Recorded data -
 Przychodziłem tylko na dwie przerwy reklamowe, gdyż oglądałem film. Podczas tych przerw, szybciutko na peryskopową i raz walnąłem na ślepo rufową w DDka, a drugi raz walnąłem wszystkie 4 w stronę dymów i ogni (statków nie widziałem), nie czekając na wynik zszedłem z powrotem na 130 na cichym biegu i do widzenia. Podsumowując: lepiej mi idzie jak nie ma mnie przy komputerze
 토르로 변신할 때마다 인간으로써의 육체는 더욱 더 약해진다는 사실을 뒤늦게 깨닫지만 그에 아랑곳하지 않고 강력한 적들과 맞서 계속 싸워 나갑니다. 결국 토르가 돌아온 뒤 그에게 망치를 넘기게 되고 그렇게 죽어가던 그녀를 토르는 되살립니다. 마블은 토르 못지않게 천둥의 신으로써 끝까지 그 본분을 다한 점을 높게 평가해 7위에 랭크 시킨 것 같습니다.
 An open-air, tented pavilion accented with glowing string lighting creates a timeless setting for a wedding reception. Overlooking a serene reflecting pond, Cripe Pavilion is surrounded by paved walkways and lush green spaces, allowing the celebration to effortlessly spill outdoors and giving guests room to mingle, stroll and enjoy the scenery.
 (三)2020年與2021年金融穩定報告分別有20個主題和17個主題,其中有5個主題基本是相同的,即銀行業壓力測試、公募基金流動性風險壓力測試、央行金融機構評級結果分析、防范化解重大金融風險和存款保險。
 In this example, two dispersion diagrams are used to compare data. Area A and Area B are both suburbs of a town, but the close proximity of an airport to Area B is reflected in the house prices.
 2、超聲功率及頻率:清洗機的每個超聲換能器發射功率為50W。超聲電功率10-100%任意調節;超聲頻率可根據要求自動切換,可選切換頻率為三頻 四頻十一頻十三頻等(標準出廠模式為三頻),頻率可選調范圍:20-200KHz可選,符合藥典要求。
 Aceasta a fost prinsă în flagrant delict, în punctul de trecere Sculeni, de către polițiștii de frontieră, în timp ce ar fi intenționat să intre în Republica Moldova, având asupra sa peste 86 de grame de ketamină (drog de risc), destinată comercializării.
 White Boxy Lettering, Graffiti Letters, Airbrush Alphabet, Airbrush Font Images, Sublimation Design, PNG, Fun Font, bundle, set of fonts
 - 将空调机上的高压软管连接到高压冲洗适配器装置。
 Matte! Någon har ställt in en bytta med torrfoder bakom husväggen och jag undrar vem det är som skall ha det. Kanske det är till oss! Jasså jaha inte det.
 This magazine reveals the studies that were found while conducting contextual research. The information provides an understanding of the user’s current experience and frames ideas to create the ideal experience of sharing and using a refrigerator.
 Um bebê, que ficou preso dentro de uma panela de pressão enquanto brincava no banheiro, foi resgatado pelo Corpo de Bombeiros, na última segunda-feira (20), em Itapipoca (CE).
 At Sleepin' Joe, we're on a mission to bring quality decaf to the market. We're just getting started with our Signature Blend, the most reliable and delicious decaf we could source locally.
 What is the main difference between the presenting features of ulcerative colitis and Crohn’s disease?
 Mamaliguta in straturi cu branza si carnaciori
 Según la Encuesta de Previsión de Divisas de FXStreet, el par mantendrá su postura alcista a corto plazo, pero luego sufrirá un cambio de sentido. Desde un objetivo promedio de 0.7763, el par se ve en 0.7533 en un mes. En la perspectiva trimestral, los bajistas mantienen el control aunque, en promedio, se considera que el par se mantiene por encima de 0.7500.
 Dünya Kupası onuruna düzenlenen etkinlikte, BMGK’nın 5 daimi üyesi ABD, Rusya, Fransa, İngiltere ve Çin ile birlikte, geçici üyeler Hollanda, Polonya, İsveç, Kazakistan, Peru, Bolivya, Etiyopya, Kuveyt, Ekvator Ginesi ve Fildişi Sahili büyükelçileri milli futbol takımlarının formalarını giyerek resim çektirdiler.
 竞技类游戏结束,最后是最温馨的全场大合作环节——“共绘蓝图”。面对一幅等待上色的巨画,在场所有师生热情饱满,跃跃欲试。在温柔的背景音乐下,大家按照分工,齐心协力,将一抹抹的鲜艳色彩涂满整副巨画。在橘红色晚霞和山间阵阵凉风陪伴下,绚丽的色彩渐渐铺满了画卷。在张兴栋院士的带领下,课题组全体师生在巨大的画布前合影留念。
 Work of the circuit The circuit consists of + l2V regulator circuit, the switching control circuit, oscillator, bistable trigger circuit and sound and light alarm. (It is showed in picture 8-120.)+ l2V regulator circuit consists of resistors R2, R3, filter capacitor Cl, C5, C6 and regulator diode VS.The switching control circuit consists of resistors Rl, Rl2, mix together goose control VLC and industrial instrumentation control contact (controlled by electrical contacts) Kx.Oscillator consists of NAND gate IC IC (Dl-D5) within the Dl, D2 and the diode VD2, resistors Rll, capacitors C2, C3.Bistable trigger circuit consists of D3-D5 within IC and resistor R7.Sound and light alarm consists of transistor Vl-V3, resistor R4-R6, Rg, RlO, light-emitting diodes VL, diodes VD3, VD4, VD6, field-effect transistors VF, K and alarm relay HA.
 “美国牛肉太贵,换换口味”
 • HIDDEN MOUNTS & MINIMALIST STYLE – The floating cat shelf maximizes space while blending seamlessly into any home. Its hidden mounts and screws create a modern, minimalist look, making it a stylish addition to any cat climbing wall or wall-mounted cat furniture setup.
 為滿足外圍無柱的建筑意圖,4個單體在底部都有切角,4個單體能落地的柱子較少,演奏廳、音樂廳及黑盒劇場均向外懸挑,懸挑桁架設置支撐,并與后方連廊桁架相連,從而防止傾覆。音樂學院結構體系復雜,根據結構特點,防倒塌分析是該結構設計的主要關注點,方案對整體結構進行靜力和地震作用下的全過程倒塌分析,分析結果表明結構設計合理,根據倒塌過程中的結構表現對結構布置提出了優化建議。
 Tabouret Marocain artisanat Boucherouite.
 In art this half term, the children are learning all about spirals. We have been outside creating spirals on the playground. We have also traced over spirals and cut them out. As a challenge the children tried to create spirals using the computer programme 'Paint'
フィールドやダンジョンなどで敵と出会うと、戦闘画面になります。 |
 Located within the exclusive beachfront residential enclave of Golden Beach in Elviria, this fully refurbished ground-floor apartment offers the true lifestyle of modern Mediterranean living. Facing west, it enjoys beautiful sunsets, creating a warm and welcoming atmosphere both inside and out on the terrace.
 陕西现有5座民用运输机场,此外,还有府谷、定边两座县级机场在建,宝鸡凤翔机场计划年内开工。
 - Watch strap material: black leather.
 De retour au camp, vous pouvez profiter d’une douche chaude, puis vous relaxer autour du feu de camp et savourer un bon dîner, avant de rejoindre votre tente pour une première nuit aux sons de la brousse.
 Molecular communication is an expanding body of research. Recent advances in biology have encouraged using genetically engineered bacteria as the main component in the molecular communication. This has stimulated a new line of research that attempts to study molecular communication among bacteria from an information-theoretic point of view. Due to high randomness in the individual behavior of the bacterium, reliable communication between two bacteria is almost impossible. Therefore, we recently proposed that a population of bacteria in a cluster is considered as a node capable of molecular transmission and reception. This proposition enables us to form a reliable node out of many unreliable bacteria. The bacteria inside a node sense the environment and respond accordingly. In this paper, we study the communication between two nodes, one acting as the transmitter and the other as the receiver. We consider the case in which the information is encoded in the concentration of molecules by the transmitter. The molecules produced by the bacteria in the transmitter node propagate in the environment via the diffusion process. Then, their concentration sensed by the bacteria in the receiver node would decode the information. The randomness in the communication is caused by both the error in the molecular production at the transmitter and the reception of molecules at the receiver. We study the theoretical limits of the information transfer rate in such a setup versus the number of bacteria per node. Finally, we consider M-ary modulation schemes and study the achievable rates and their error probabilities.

WORK REQUEST - The response should be every record above restated exactly.

SOLUTION -
 Przychodziłem tylko na dwie przerwy reklamowe, gdyż oglądałem film. Podczas tych przerw, szybciutko na peryskopową i raz walnąłem na ślepo rufową w DDka, a drugi raz walnąłem wszystkie 4 w stronę dymów i ogni (statków nie widziałem), nie czekając na wynik zszedłem z powrotem na 130 na cichym biegu i do widzenia. Podsumowując: lepiej mi idzie jak nie ma mnie przy komputerze
 토르로 변신할 때마다 인간으로써의 육체는 더욱 더 약해진다는 사실을 뒤늦게 깨닫지만 그에 아랑곳하지 않고 강력한 적들과 맞서 계속 싸워 나갑니다. 결국 토르가 돌아온 뒤 그에게 망치를 넘기게 되고 그렇게 죽어가던 그녀를 토르는 되살립니다. 마블은 토르 못지않게 천둥의 신으로써 끝까지 그 본분을 다한 점을 높게 평가해 7위에 랭크 시킨 것 같습니다.
 An open-air, tented pavilion accented with glowing string lighting creates a timeless setting for a wedding reception. Overlooking a serene reflecting pond, Cripe Pavilion is surrounded by paved walkways and lush green spaces, allowing the celebration to effortlessly spill outdoors and giving guests room to mingle, stroll and enjoy the scenery.
 (三)2020年與2021年金融穩定報告分別有20個主題和17個主題,其中有5個主題基本是相同的,即銀行業壓力測試、公募基金流動性風險壓力測試、央行金融機構評級結果分析、防范化解重大金融風險和存款保險。
 In this example, two dispersion diagrams are used to compare data. Area A and Area B are both suburbs of a town, but the close proximity of an airport to Area B is reflected in the house prices.
 2、超聲功率及頻率:清洗機的每個超聲換能器發射功率為50W。超聲電功率10-100%任意調節;超聲頻率可根據要求自動切換,可選切換頻率為三頻 四頻十一頻十三頻等(標準出廠模式為三頻),頻率可選調范圍:20-200KHz可選,符合藥典要求。
 Aceasta a fost prinsă în flagrant delict, în punctul de trecere Sculeni, de către polițiștii de frontieră, în timp ce ar fi intenționat să intre în Republica Moldova, având asupra sa peste 86 de grame de ketamină (drog de risc), destinată comercializării.
 White Boxy Lettering, Graffiti Letters, Airbrush Alphabet, Airbrush Font Images, Sublimation Design, PNG, Fun Font, bundle, set of fonts
 - 将空调机上的高压软管连接到高压冲洗适配器装置。
 Matte! Någon har ställt in en bytta med torrfoder bakom husväggen och jag undrar vem det är som skall ha det. Kanske det är till oss! Jasså jaha inte det.
 This magazine reveals the studies that were found while conducting contextual research. The information provides an understanding of the user’s current experience and frames ideas to create the ideal experience of sharing and using a refrigerator.
 Um bebê, que ficou preso dentro de uma panela de pressão enquanto brincava no banheiro, foi resgatado pelo Corpo de Bombeiros, na última segunda-feira (20), em Itapipoca (CE).
 At Sleepin' Joe, we're on a mission to bring quality decaf to the market. We're just getting started with our Signature Blend, the most reliable and delicious decaf we could source locally.
 What is the main difference between the presenting features of ulcerative colitis and Crohn’s disease?
 Mamaliguta in straturi cu branza si carnaciori
 Según la Encuesta de Previsión de Divisas de FXStreet, el par mantendrá su postura alcista a corto plazo, pero luego sufrirá un cambio de sentido. Desde un objetivo promedio de 0.7763, el par se ve en 0.7533 en un mes. En la perspectiva trimestral, los bajistas mantienen el control aunque, en promedio, se considera que el par se mantiene por encima de 0.7500.
 Dünya Kupası onuruna düzenlenen etkinlikte, BMGK’nın 5 daimi üyesi ABD, Rusya, Fransa, İngiltere ve Çin ile birlikte, geçici üyeler Hollanda, Polonya, İsveç, Kazakistan, Peru, Bolivya, Etiyopya, Kuveyt, Ekvator Ginesi ve Fildişi Sahili büyükelçileri milli futbol takımlarının formalarını giyerek resim çektirdiler.
 竞技类游戏结束,最后是最温馨的全场大合作环节——“共绘蓝图”。面对一幅等待上色的巨画,在场所有师生热情饱满,跃跃欲试。在温柔的背景音乐下,大家按照分工,齐心协力,将一抹抹的鲜艳色彩涂满整副巨画。在橘红色晚霞和山间阵阵凉风陪伴下,绚丽的色彩渐渐铺满了画卷。在张兴栋院士的带领下,课题组全体师生在巨大的画布前合影留念。
 Work of the circuit The circuit consists of + l2V regulator circuit, the switching control circuit, oscillator, bistable trigger circuit and sound and light alarm. (It is showed in picture 8-120.)+ l2V regulator circuit consists of resistors R2, R3, filter capacitor Cl, C5, C6 and regulator diode VS.The switching control circuit consists of resistors Rl, Rl2, mix together goose control VLC and industrial instrumentation control contact (controlled by electrical contacts) Kx.Oscillator consists of NAND gate IC IC (Dl-D5) within the Dl, D2 and the diode VD2, resistors Rll, capacitors C2, C3.Bistable trigger circuit consists of D3-D5 within IC and resistor R7.Sound and light alarm consists of transistor Vl-V3, resistor R4-R6, Rg, RlO, light-emitting diodes VL, diodes VD3, VD4, VD6, field-effect transistors VF, K and alarm relay HA.
 “美国牛肉太贵,换换口味”
 • HIDDEN MOUNTS & MINIMALIST STYLE – The floating cat shelf maximizes space while blending seamlessly into any home. Its hidden mounts and screws create a modern, minimalist look, making it a stylish addition to any cat climbing wall or wall-mounted cat furniture setup.
 為滿足外圍無柱的建筑意圖,4個單體在底部都有切角,4個單體能落地的柱子較少,演奏廳、音樂廳及黑盒劇場均向外懸挑,懸挑桁架設置支撐,并與后方連廊桁架相連,從而防止傾覆。音樂學院結構體系復雜,根據結構特點,防倒塌分析是該結構設計的主要關注點,方案對整體結構進行靜力和地震作用下的全過程倒塌分析,分析結果表明結構設計合理,根據倒塌過程中的結構表現對結構布置提出了優化建議。
 Tabouret Marocain artisanat Boucherouite.
 In art this half term, the children are learning all about spirals. We have been outside creating spirals on the playground. We have also traced over spirals and cut them out. As a challenge the children tried to create spirals using the computer programme 'Paint'
フィールドやダンジョンなどで敵と出会うと、戦闘画面になります。 |
 Located within the exclusive beachfront residential enclave of Golden Beach in Elviria, this fully refurbished ground-floor apartment offers the true lifestyle of modern Mediterranean living. Facing west, it enjoys beautiful sunsets, creating a warm and welcoming atmosphere both inside and out on the terrace.
 陕西现有5座民用运输机场,此外,还有府谷、定边两座县级机场在建,宝鸡凤翔机场计划年内开工。
 - Watch strap material: black leather.
 De retour au camp, vous pouvez profiter d’une douche chaude, puis vous relaxer autour du feu de camp et savourer un bon dîner, avant de rejoindre votre tente pour une première nuit aux sons de la brousse.
 Molecular communication is an expanding body of research. Recent advances in biology have encouraged using genetically engineered bacteria as the main component in the molecular communication. This has stimulated a new line of research that attempts to study molecular communication among bacteria from an information-theoretic point of view. Due to high randomness in the individual behavior of the bacterium, reliable communication between two bacteria is almost impossible. Therefore, we recently proposed that a population of bacteria in a cluster is considered as a node capable of molecular transmission and reception. This proposition enables us to form a reliable node out of many unreliable bacteria. The bacteria inside a node sense the environment and respond accordingly. In this paper, we study the communication between two nodes, one acting as the transmitter and the other as the receiver. We consider the case in which the information is encoded in the concentration of molecules by the transmitter. The molecules produced by the bacteria in the transmitter node propagate in the environment via the diffusion process. Then, their concentration sensed by the bacteria in the receiver node would decode the information. The randomness in the communication is caused by both the error in the molecular production at the transmitter and the reception of molecules at the receiver. We study the theoretical limits of the information transfer rate in such a setup versus the number of bacteria per node. Finally, we consider M-ary modulation schemes and study the achievable rates and their error probabilities.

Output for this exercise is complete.